Are there any problems, I mean since I did mention I almost had an answer? Well, yes. If you live in a 32-bit world as most do then there is no problem. If you , are running a 32-bit or a 64-bit main (or host) operating system then you can not install a 64-bit OS as a (guest) virtual machine. There is no support (yet) for 64-bit OS to run as a guest. To be a little more precise, it depends on what CPU you are using. You have to read the fine print in the docs.

So, to answer my main question, is it possible to take a .iso file copied to a hard drive and boot it as if it were a CD/DVD? Yes and No. Sure I can run a Fedora 7 32-bit .iso but I want the 64-bit one that was made for my system. I will just have to byte the bullet and buy a DVD burner.

Thursday, September 20, 2007

I've got the upgrade blues, again.

"Well, I've got the upgrade blues, again."
Thanks to the wonderful Fedora 7 people, I've got to consider the cost and pay the boss.
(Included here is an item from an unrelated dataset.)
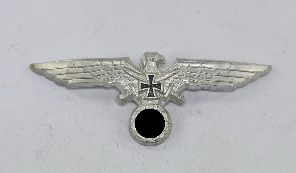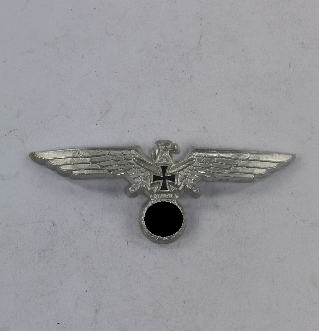 Der Mützenadler aus Aluminium, teilweise emailliert. Excellenter, ungetragener Zustand. Die Emaille ohne Fehler. Rückseitig „1“ und „Ges. Gesch.“. Die drei Splinte vollständig und einwandfrei.

Do I really need a DVD burner? We live in a world where it is possible to save all our precious and expanding personal data, pictures and the like on optical media. We can even copy movies, which is why most people even bother with DVDs. But personal data, I can hardly fill one CD as it is. 700MB is a lot of space actually. Being from the floppy generation, I am still impressed with that. Now a DVD can hold about 4.7 Gigs (single layer) and about 8.5 Gigs (double layer) if you have that technology. I was looking at Tom's Hardware web site. You can get a DVD burner for $30-$100+, and you get what you pay for. I my self don't recommend the cheapest you can find, speed and quality does matter.
Anyway Fedora 7 folks, you have barely crossed the boarder by offering an .iso image of just 833MBs, why not just put it on 2 CDs? Hey, it's a liveCD dummy! It just wouldn't work spread across 2 CDs.
So, what can you do with a new DVD burner that you could not do with your CD burner? Besides copying movies and music. You could backup or Ghost your whole system onto a DVD. I guess the potential to do big things is there. And speaking of downloading movies, what is your download speed. I am always surprised by the number of computer owners/users who don't have cable or DSL. Using a modem is akin to using floppies in my book. What is so weird about this DVD thing is that you don't have to justify the cost because it can be reasonable. You just have to figure out what to do with the technology now that you have it. Is buying a DVD burner one of those life changing things? Hey, we do still live in interesting times.